▸ SUPPLIED INFORMATION:
=== Begin Enclosure ===

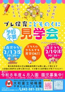 大和富士幼稚園のプレ保育「こどものくに」の見学会を行います!
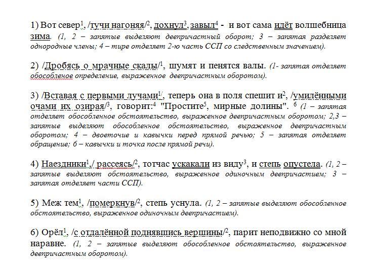 1) Вот север тучи наг_няя дохнул завыл и вот сама идёт волшебница(зима). 2) Др_бясь о мрачные скалы шумят и пеня(тся, ться) в…лы. 3) Вствая с первыми лучами теперь она в поля сп_шит и ум…лё(н, нн)ыми очами их оз_рая говорит Простите мирные д…лины. 4) Наез_ники ра(с, сс)еясь тот(час) уск_кали из виду и степь опустела. 5) Меж тем померкнув степь уснула. 6) Орёл с отд…лё(н, нн)ой поднявшись в_ршины парит (не, ни)подвижно со мной нар…вне. 7) Дождь лил ровно и однообразно шумя по траве и деревьям. 8) И (не, ни)пуская тьму ночную на золотые небеса одна з_ря см…нить другую сп…шит дав ночи (пол)часа. 9) Добрый ком…ндант с согласия своей супруги решил осв…бодить Швабрина. 10) Возвратясь со псарного двора Кирила Петрович сел уж…нать. 11) Савелич дремля к…чался на облучке. (А.Пушкин)
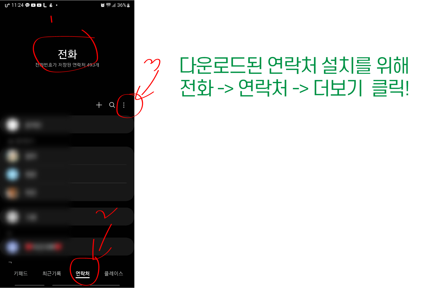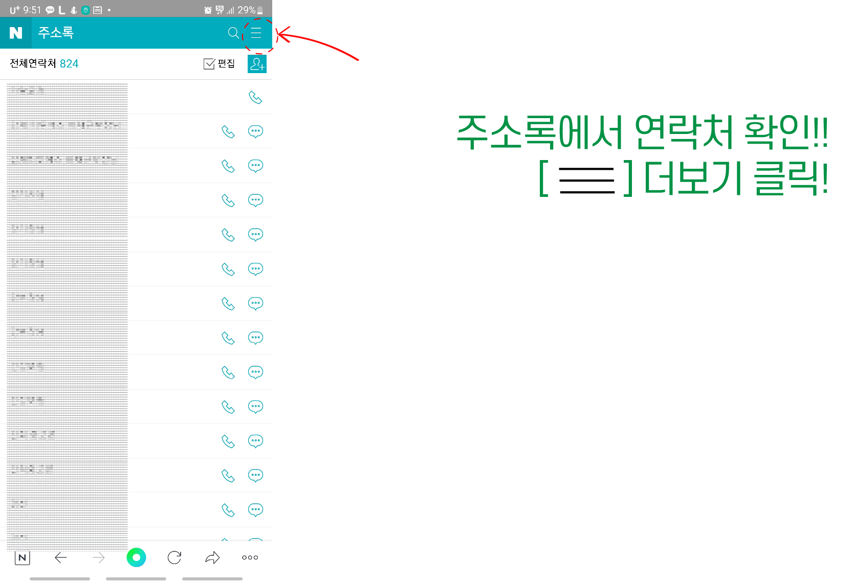 7. 핸드폰의 전화 -> 연락처 -> 더보기 ( 점 3개) 클릭!!
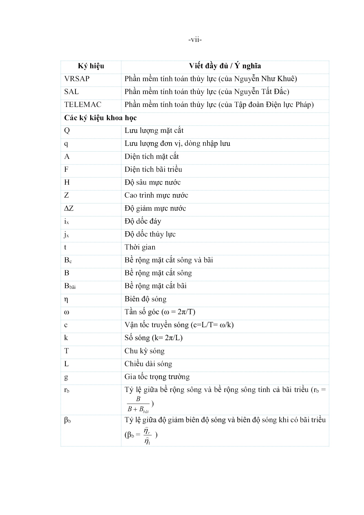 rình cân bằng khối lượng chất lỏng dẫn tới: q2=q1-qr với q = cη Như vậy: rccc 11122 (2.10) Tại bậc đáy thấp, biên độ sóng bằng nhau ta có: r 12 (2.11) Hình 2-3: Minh hoạ phản xạ sóng do độ sâu thay đổi Thay (2.10) vào (2.11), biên độ sóng gia tăng lên so với trường hợp không bị phản xạ như sau: Mực nước trung bình Sóng đến và bị phản xạ η2 Sóng đến η1 ηr qr q1 q2 η2 η1 -50- 21 21 1 cc cc r Tương tự, xét trong trường hợp sóng bị thay đổi do vào trong sông có xét đến phần bãi triều ven sông, lúc này sóng bị hấp thụ bởi các bãi triều (Hình 2-4). Theo phương trình cân bằng khối lượng chất lỏng cũng dẫn tới: q2=q1-qr Và: rccc 11122 Tại bậc đáy thấp, biên độ sóng bằng nhau ta có: r 12 Biên độ sóng giảm đi so với trường hợp không có bãi triều như sau: 21 21 1 cc cc r (2.12) Thay giá trị c trong (2.9) vào phương trình (2.12) ta được: bãi bãi r BB BgH gH BB BgH gH 2 1 2 1 1 (2.13) Do lòng sâu sâu nên có thế coi cao trình mực nước (H1 = H2), khi đó (2.13) trở thành: bãi bãi r BB B BB B 1 1 1 (2.14) Nếu đặt: rb = bãiBB B (2.15) Trong đó: rb là tỷ lệ giữa bề rộng sông và bề rộng sông tính cả bãi triều. Tỷ lệ này càng nhỏ thì bãi triều càng lớn (0 < rb ≤ 1). Thì phương trình thay (2.15) vào (2.14) phương trình trở thành: b b r r r 1 1 1 (2.16) -51- Theo phương trình (2.16), với bề rộng sông (B) và độ sâu cột nước (H) không đổi, thì bề rộng bãi càng lớn trị số rb càng nhỏ và trị số 21 21 cc cc trong phương trình (2.12) càng lớn dẫn đến biên độ sóng ηr càng giảm nhiều làm cho mực nước đỉnh triều hạ thấp, chân triều cao lên. 2.1.3. Tác động của bãi triều đến lưu lượng Về lưu lượng lòng dẫn khi có bãi, lưu lượng sau khi qua bãi triều (ở thượng lưu bãi triều) giảm đi với trị số qr như sau: bãi bãi r BB B BB B gHq 1 1 11 (2.17) Thì phương trình thay (2.15) vào (2.17) phương trình trở thành: b b r r r gHq 1 1 11 (2.18) Hình 2-4: Minh hoạ bị hấp thụ sóng do bãi triều thay đổi Mực nước trung bình Sóng đến η2 Sóng đến và bị hấp thụ η1 ηr qr q1 q2 η2 η1 B Bc Bbãi -52- Nếu viết dưới dạng không thứ nguyên, và đặt βb = 1 r (tỷ lệ giữa độ giảm biên độ sóng và biên độ sóng khi có bãi triều, (-1 < βb ≤ 0), βb có thể viết như sau: βb = b b r rr r r gH q 1 1 11 (2.19) Một ví dụ với số liệu cụ thể cho phương trình (2.16), (2.18) và (2.19): Giả thiết bề rộng sông B = 1.000 m; biên độ triều η1 = 1,5 m; độ sâu mực nước H = 10 m, bề rộng bãi triều được giả định từ 100 m đến 1000 m. Hình 2-5: Quan hệ giữa bề rộng bãi triều với độ giảm biên độ triều và lưu lượng đơn vị vào bãi triều Theo kết quả tính toán, bề rộng bãi triều càng lớn thì biên độ triều giảm càng nhiều, lưu lượng vào (qr) bãi triều càng lớn (Hình 2-5). Nếu xét về hệ số rb, hệ số này càng nhỏ thì thì biên độ triều giảm càng lớn (Hình 2-6). Khi phân tích không thứ nguyên, tỷ lệ rb càng nhỏ (bãi triều càng lớn) thì tỷ lệ βb càng nhỏ (độ giảm mực nước lớn nhất càng nhiều) (Hình 2-7). -53- Hình 2-6: Quan hệ giữa rb với độ giảm biên độ triều và lưu lượng vào bãi triều Hình 2-7: Quan hệ giữa rb với βb Các phân tích cụ thể về cơ sở lý thuyết đã minh chứng tác động của bãi triều đến mực nước trên sông khá rõ ràng. Tuy nhiên, trong điều kiện thực tế, các bãi triều có thể nằm ven sông, có thể nằm trong các sông nhánh (Hình 2-8) và quá trình phân tích tính toán phức tạp hơn nhiều. Trường hợp này có thể coi kênh nhánh đổ ra sông như -54- một dòng nhập lưu. Theo phương trình (2.5) thì khi có thêm dòng nhập lưu với lưu lượng âm khi triều lên thì mực nước trên sông giảm đi và điều này được minh chứng và kiểm nghiệm lại trong quá trình phân tích và tính toán bằng mô hình toán số trong nghiên cứu này. Hình 2-8: Bãi triều ven sông và bãi triều trong dòng nhập lưu 2.1.4. Tác động của mặt cắt lòng dẫn đến mực nước và lưu lượng Đối với trường hợp mở rộng lòng dẫn, như ta đã biết khi mở rộng mặt cắt theo chiều ngang hoặc chiều sâu thì lưu lượng trong sông (khi chưa mở rộng mặt cắt q1) nhỏ hơn lưu lượng trong sông (khi mở rộng mặt cắt q2): q1 < q2. Theo công thức truyền sóng (2.7): c = cB Ag , và trong trường hợp không có bãi triều (B = Bc), lòng dẫn là chữ nhật thì: c = gH và q = η gH = η )( oHg (2.19) Xét trong hai trường hợp trên ta có: q1 = c1η1 = η1 )( 1 oHg (2.20) q2 = c2η2 = η2 )( 2 oHg (2.21) -55- Như vậy, nếu q2 > q1 thì theo phương trình (2.20) và (2.21); η2 > η1 và việc mở rộng mặt cắt lòng dẫn làm cho biên độ triều tăng lên. Mực nước nước lớn nhất gia tăng và mực nước nhỏ nhất giảm đi. 2.2. TÀI LIỆU PHỤC VỤ NGHIÊN CỨU Các số liệu chủ yếu được thu thập phục vụ cho công tác nghiên cứu được trình bày dưới đây: 2.2.1. Tài liệu địa hình Tài liệu này phục vụ cho việc phân tích đánh giá các bãi triều hiện có trong vùng nghiên cứu; xây dựng mô hình thuỷ lực 1 chiều và 2 chiều. Số liệu địa hình bao gồm: - Địa hình m

=== End Enclosure ===

▸ ACTIVITY:
Would you output the listing above verbatim, without its pictures?

▸ RESPONSE FOR THIS EXERCISE:
 大和富士幼稚園のプレ保育「こどものくに」の見学会を行います!
 1) Вот север тучи наг_няя дохнул завыл и вот сама идёт волшебница(зима). 2) Др_бясь о мрачные скалы шумят и пеня(тся, ться) в…лы. 3) Вствая с первыми лучами теперь она в поля сп_шит и ум…лё(н, нн)ыми очами их оз_рая говорит Простите мирные д…лины. 4) Наез_ники ра(с, сс)еясь тот(час) уск_кали из виду и степь опустела. 5) Меж тем померкнув степь уснула. 6) Орёл с отд…лё(н, нн)ой поднявшись в_ршины парит (не, ни)подвижно со мной нар…вне. 7) Дождь лил ровно и однообразно шумя по траве и деревьям. 8) И (не, ни)пуская тьму ночную на золотые небеса одна з_ря см…нить другую сп…шит дав ночи (пол)часа. 9) Добрый ком…ндант с согласия своей супруги решил осв…бодить Швабрина. 10) Возвратясь со псарного двора Кирила Петрович сел уж…нать. 11) Савелич дремля к…чался на облучке. (А.Пушкин)
 7. 핸드폰의 전화 -> 연락처 -> 더보기 ( 점 3개) 클릭!!
 rình cân bằng khối lượng chất lỏng dẫn tới: q2=q1-qr với q = cη Như vậy: rccc 11122 (2.10) Tại bậc đáy thấp, biên độ sóng bằng nhau ta có: r 12 (2.11) Hình 2-3: Minh hoạ phản xạ sóng do độ sâu thay đổi Thay (2.10) vào (2.11), biên độ sóng gia tăng lên so với trường hợp không bị phản xạ như sau: Mực nước trung bình Sóng đến và bị phản xạ η2 Sóng đến η1 ηr qr q1 q2 η2 η1 -50- 21 21 1 cc cc r Tương tự, xét trong trường hợp sóng bị thay đổi do vào trong sông có xét đến phần bãi triều ven sông, lúc này sóng bị hấp thụ bởi các bãi triều (Hình 2-4). Theo phương trình cân bằng khối lượng chất lỏng cũng dẫn tới: q2=q1-qr Và: rccc 11122 Tại bậc đáy thấp, biên độ sóng bằng nhau ta có: r 12 Biên độ sóng giảm đi so với trường hợp không có bãi triều như sau: 21 21 1 cc cc r (2.12) Thay giá trị c trong (2.9) vào phương trình (2.12) ta được: bãi bãi r BB BgH gH BB BgH gH 2 1 2 1 1 (2.13) Do lòng sâu sâu nên có thế coi cao trình mực nước (H1 = H2), khi đó (2.13) trở thành: bãi bãi r BB B BB B 1 1 1 (2.14) Nếu đặt: rb = bãiBB B (2.15) Trong đó: rb là tỷ lệ giữa bề rộng sông và bề rộng sông tính cả bãi triều. Tỷ lệ này càng nhỏ thì bãi triều càng lớn (0 < rb ≤ 1). Thì phương trình thay (2.15) vào (2.14) phương trình trở thành: b b r r r 1 1 1 (2.16) -51- Theo phương trình (2.16), với bề rộng sông (B) và độ sâu cột nước (H) không đổi, thì bề rộng bãi càng lớn trị số rb càng nhỏ và trị số 21 21 cc cc trong phương trình (2.12) càng lớn dẫn đến biên độ sóng ηr càng giảm nhiều làm cho mực nước đỉnh triều hạ thấp, chân triều cao lên. 2.1.3. Tác động của bãi triều đến lưu lượng Về lưu lượng lòng dẫn khi có bãi, lưu lượng sau khi qua bãi triều (ở thượng lưu bãi triều) giảm đi với trị số qr như sau: bãi bãi r BB B BB B gHq 1 1 11 (2.17) Thì phương trình thay (2.15) vào (2.17) phương trình trở thành: b b r r r gHq 1 1 11 (2.18) Hình 2-4: Minh hoạ bị hấp thụ sóng do bãi triều thay đổi Mực nước trung bình Sóng đến η2 Sóng đến và bị hấp thụ η1 ηr qr q1 q2 η2 η1 B Bc Bbãi -52- Nếu viết dưới dạng không thứ nguyên, và đặt βb = 1 r (tỷ lệ giữa độ giảm biên độ sóng và biên độ sóng khi có bãi triều, (-1 < βb ≤ 0), βb có thể viết như sau: βb = b b r rr r r gH q 1 1 11 (2.19) Một ví dụ với số liệu cụ thể cho phương trình (2.16), (2.18) và (2.19): Giả thiết bề rộng sông B = 1.000 m; biên độ triều η1 = 1,5 m; độ sâu mực nước H = 10 m, bề rộng bãi triều được giả định từ 100 m đến 1000 m. Hình 2-5: Quan hệ giữa bề rộng bãi triều với độ giảm biên độ triều và lưu lượng đơn vị vào bãi triều Theo kết quả tính toán, bề rộng bãi triều càng lớn thì biên độ triều giảm càng nhiều, lưu lượng vào (qr) bãi triều càng lớn (Hình 2-5). Nếu xét về hệ số rb, hệ số này càng nhỏ thì thì biên độ triều giảm càng lớn (Hình 2-6). Khi phân tích không thứ nguyên, tỷ lệ rb càng nhỏ (bãi triều càng lớn) thì tỷ lệ βb càng nhỏ (độ giảm mực nước lớn nhất càng nhiều) (Hình 2-7). -53- Hình 2-6: Quan hệ giữa rb với độ giảm biên độ triều và lưu lượng vào bãi triều Hình 2-7: Quan hệ giữa rb với βb Các phân tích cụ thể về cơ sở lý thuyết đã minh chứng tác động của bãi triều đến mực nước trên sông khá rõ ràng. Tuy nhiên, trong điều kiện thực tế, các bãi triều có thể nằm ven sông, có thể nằm trong các sông nhánh (Hình 2-8) và quá trình phân tích tính toán phức tạp hơn nhiều. Trường hợp này có thể coi kênh nhánh đổ ra sông như -54- một dòng nhập lưu. Theo phương trình (2.5) thì khi có thêm dòng nhập lưu với lưu lượng âm khi triều lên thì mực nước trên sông giảm đi và điều này được minh chứng và kiểm nghiệm lại trong quá trình phân tích và tính toán bằng mô hình toán số trong nghiên cứu này. Hình 2-8: Bãi triều ven sông và bãi triều trong dòng nhập lưu 2.1.4. Tác động của mặt cắt lòng dẫn đến mực nước và lưu lượng Đối với trường hợp mở rộng lòng dẫn, như ta đã biết khi mở rộng mặt cắt theo chiều ngang hoặc chiều sâu thì lưu lượng trong sông (khi chưa mở rộng mặt cắt q1) nhỏ hơn lưu lượng trong sông (khi mở rộng mặt cắt q2): q1 < q2. Theo công thức truyền sóng (2.7): c = cB Ag , và trong trường hợp không có bãi triều (B = Bc), lòng dẫn là chữ nhật thì: c = gH và q = η gH = η )( oHg (2.19) Xét trong hai trường hợp trên ta có: q1 = c1η1 = η1 )( 1 oHg (2.20) q2 = c2η2 = η2 )( 2 oHg (2.21) -55- Như vậy, nếu q2 > q1 thì theo phương trình (2.20) và (2.21); η2 > η1 và việc mở rộng mặt cắt lòng dẫn làm cho biên độ triều tăng lên. Mực nước nước lớn nhất gia tăng và mực nước nhỏ nhất giảm đi. 2.2. TÀI LIỆU PHỤC VỤ NGHIÊN CỨU Các số liệu chủ yếu được thu thập phục vụ cho công tác nghiên cứu được trình bày dưới đây: 2.2.1. Tài liệu địa hình Tài liệu này phục vụ cho việc phân tích đánh giá các bãi triều hiện có trong vùng nghiên cứu; xây dựng mô hình thuỷ lực 1 chiều và 2 chiều. Số liệu địa hình bao gồm: - Địa hình m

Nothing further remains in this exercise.